Imbalanced expression of the glucocorticoid receptor isoforms in cultured lymphocytes from a patient with systemic glucocorticoid resistance and chronic lymphocytic leukemia.

The human glucocorticoid receptor (GR) is expressed as two alternatively spliced isoforms, GRalpha and GRbeta. Whereas GRalpha is a hormone-activated transcription factor, GRbeta does not bind glucocorticoids (GCs), is transcriptionally inactive, and is a potential inhibitor of activated GRalpha. Differential expression of GR isoforms may play a role in generalized or tissue-specific GC resistance. GCs induce apoptosis in neoplastic lymphoid cells; and, defective apoptosis is implicated in the genesis of chronic lymphocytic leukemia (CLL). We studied a patient with generalized GC resistance and CLL. GR number in the patient's transformed lymphocytes was approximately one half that of control cells with a approximately 10-fold reduction in binding affinity for dexamethasone. In vitro apoptosis induction in CLL cells was delayed in response to GCs, but not to other apoptosis inducers.
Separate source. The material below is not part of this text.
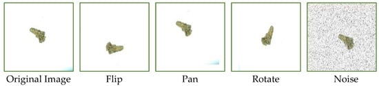 First, each type of sample in the dataset was divided into a training set and a test set at the ratio of 4:1. To further increase the diversity of samples and prevent overfitting during training, the dataset was expanded to 6000 images through image enhancement (see Figure 3). Image enhancement can expand the number of images by flipping, translating, rotating, and adding noise. Specifically, flipping is to adjust the image vertically and horizontally; translation is to shift the width of the image by 100 pixels to the right and the height by 100 pixels; rotation is to randomly rotate the image in the directions of 60°, −60°, 45°, −45°, 90°, −90°, 210°, 240°, −210°, and −240°; adding noise is to add Gaussian noise and salt and pepper noise to the image. Then, the semantic segmentation tool Lableme was used to mark the training images, the dataset name, point coordinate information, label name, and other information of the circled marked objects were written into the json file, and the PASCAL VOC dataset was established.

Sequencing of the GR cDNA and gene including the 2.3-kb coding region, the intron/exon junctions, the known 5'-regulatory region, and approximately 300 bp of the 3'-region revealed no alterations. Western blot with an N-terminal antibody showed normal levels of immunoreactive GR, but quantitative analysis with isoform-specific C-terminal antibodies revealed a markedly reduced GRalpha expression, and high GRbeta expression. These findings indicate that imbalanced expression of the GR isoforms may be a mechanism of GC resistance, and may have implications for tumorigenesis by enhancing cell survival.